裴念安的眼睛在黑暗中撐開,從被子裡彈起來的速度比大腦接收信息的速度快了兩個節拍,腳落地的時候覺得地板冰得腳趾頭縮了一下,但身體已經在跑了。
嬰兒房的門半敞著。
夜燈的暗橘光里,大寶的圍欄角落那個位置,有一小團影子在劇烈地抖動。
裴念安三步衝到圍欄前面。
大寶整個人蜷縮在圍欄靠牆的角落裡,膝蓋收到了胸口,兩隻小手緊緊攥著圍欄的欄杆,指節用力到骨頭的輪廓都隱約鼓了出來,嘴巴大張著,聲音從喉嚨最深的地方往外頂,哭得渾身都在發抖。
那種哭法裴念安聽過一次。
在她實習的那年,兒科有一個被遺棄在醫院門口的新生兒,護士把他從保溫箱裡抱出來餵奶的時候他突然開始那樣哭,不是因為餓,不是因為疼,是整個身體在表達一種無法用語言組織的恐懼。
頻道里的聲音全亂了。
【門關上了。她又關門了。腳步聲走遠了。走遠了。走遠了。聲音消失了。她走了。後面什麼都沒有了。只有那個味道還在空氣里。那種花香的味道。好難聞。不要那個味道。不要走。不要。】
大寶的聲音碎成了好幾段,像一個被重啟了太多次的程序終於崩了,所有邏輯框架全部瓦解,只剩下最底層那個沒有編號也沒有歸檔的原始求救信號。
【不要走不要走不要走不要走。門關上了就不會再開了。她不會回來了。沒有人回來。黑的。全是黑的。不要放下我。一放下就會被丟掉。】
裴念安彎腰越過圍欄,雙手穿到大寶的腋下,一把把他撈了起來。
小人的身體燙得嚇人,但不是發燒那種燙,是肌肉極度緊繃和腎上腺素往血管里狂灌的那種體表發熱,像一隻受驚的小動物把所有能量都用來了顫抖。
「言舟。

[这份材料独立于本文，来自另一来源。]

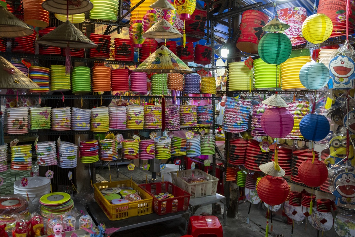 Không khí ở đây rất sôi động, với hơn 100 hộ kinh doanh đa dạng các mặt hàng chơi Trung thu, phong phú mẫu mã lồng đèn, từ lồng đèn truyền thống khung tre cho tới lồng đèn điện tử phát nhạc.

」
裴念安的聲音被自己控制得很穩,但抱緊大寶那一刻她的手指是不聽話的,兩隻手箍在他背上的力氣大了半分。
「姐姐在,姐姐在這裡。」
大寶的小手在一片混沌的顫抖中找到了一個支點。
裴念安睡衣的領口。
十根手指像是被燒紅的鐵鉤,死死地擰進了棉質面料的褶皺里,力氣大到指甲嵌進了布料底下的那層縫線。
裴念安:(°̥̥̥ᴗ°̥̥̥)
二寶被哭聲吵醒了,在搖籃里翻了個身,嘴巴動了兩下,含糊地嘟囔了一聲「媽媽」,然後又沉回去了。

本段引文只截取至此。